---------- Raw data

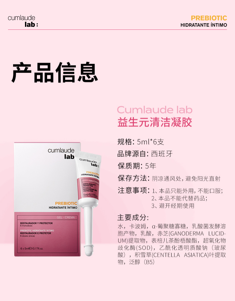 珂蔓朵 益生元凝胶 6*5ml+送内衣洗液50ml*1袋
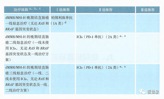 • dMMR/MSI-H的晚期结直肠癌二线姑息治疗(一线未使用ICIs,无论RAS和BRAF基因突变状态及一线治疗方案)、dMMR/MSI-H的晚期结直肠癌三线姑息治疗(一线、二线未使用ICIs,无论RAS和BRAF基因突变状态及一线、二线治疗方案)的II级推荐均为ICIs(PD-1单抗)(2A类证据)。
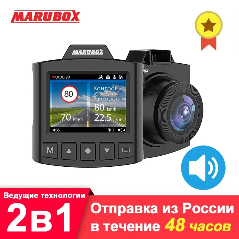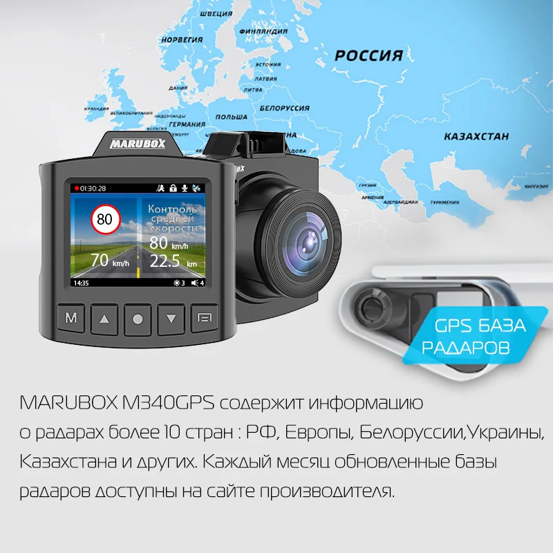 Marubox M340GPS Автомобильный видеорегистратор с GPS информатором, Русские голосовые оповещения, предупреждение водителя о радарах и камерах на дороге, поворотное крепление,содержит информацию о радарах более 10 стран
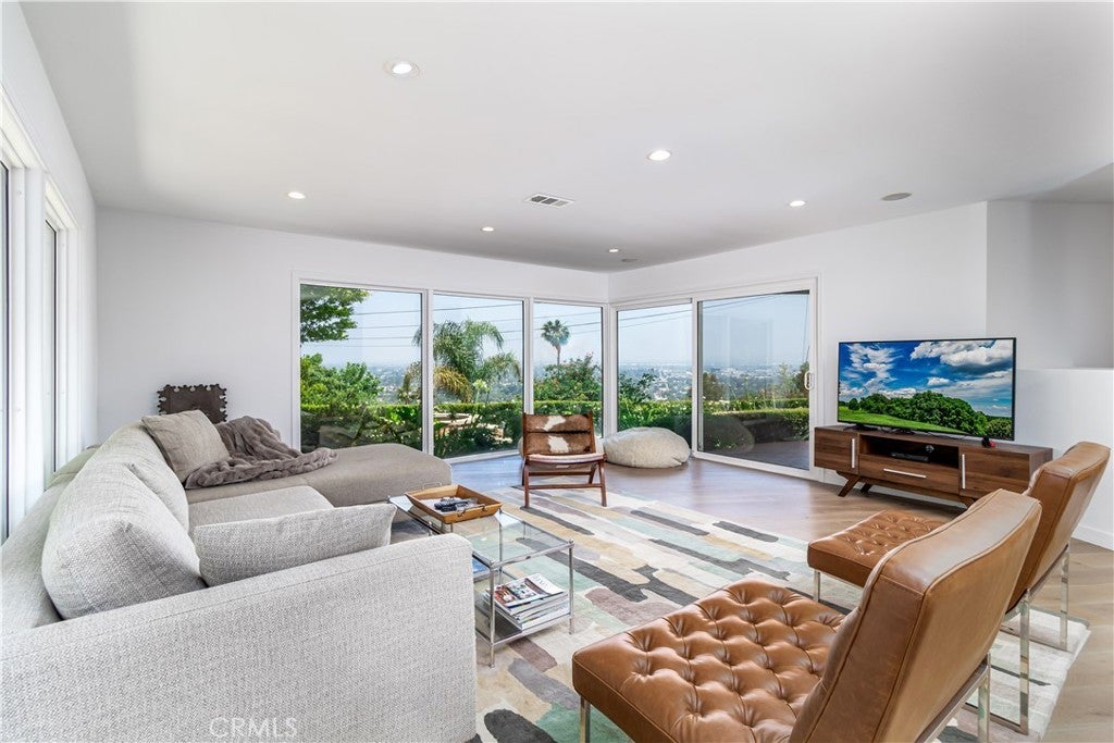 Gated private property in the Mulholland corridor. Jetliner views, swimming pool, basketball court, top-of-the-line property. Perfect for single celebrity. Walls of glass allow for an abundance of natural light throughout this open floor plan. A completely open and airy kitchen that looks out to canyon & mountains, that provide a tranquil setting. The master is a mini suite, with incredible city views, and a walk in closet. Master bath features an exposed glass window that lets in lots of natural light, a sunken tub and a separate shower. The second bathroom also takes in natural light and opens to Incredible city lights. This home is perfect for entertaining. Step out to paradise, the brick patio leads you to a heart shaped pool and spa tub, and of course the most incredible sweeping views of the valley.

--------------------

About this exercise: With images omitted, retype the data word for word.

Answer box:
 珂蔓朵 益生元凝胶 6*5ml+送内衣洗液50ml*1袋
 • dMMR/MSI-H的晚期结直肠癌二线姑息治疗(一线未使用ICIs,无论RAS和BRAF基因突变状态及一线治疗方案)、dMMR/MSI-H的晚期结直肠癌三线姑息治疗(一线、二线未使用ICIs,无论RAS和BRAF基因突变状态及一线、二线治疗方案)的II级推荐均为ICIs(PD-1单抗)(2A类证据)。
 Marubox M340GPS Автомобильный видеорегистратор с GPS информатором, Русские голосовые оповещения, предупреждение водителя о радарах и камерах на дороге, поворотное крепление,содержит информацию о радарах более 10 стран
 Gated private property in the Mulholland corridor. Jetliner views, swimming pool, basketball court, top-of-the-line property. Perfect for single celebrity. Walls of glass allow for an abundance of natural light throughout this open floor plan. A completely open and airy kitchen that looks out to canyon & mountains, that provide a tranquil setting. The master is a mini suite, with incredible city views, and a walk in closet. Master bath features an exposed glass window that lets in lots of natural light, a sunken tub and a separate shower. The second bathroom also takes in natural light and opens to Incredible city lights. This home is perfect for entertaining. Step out to paradise, the brick patio leads you to a heart shaped pool and spa tub, and of course the most incredible sweeping views of the valley.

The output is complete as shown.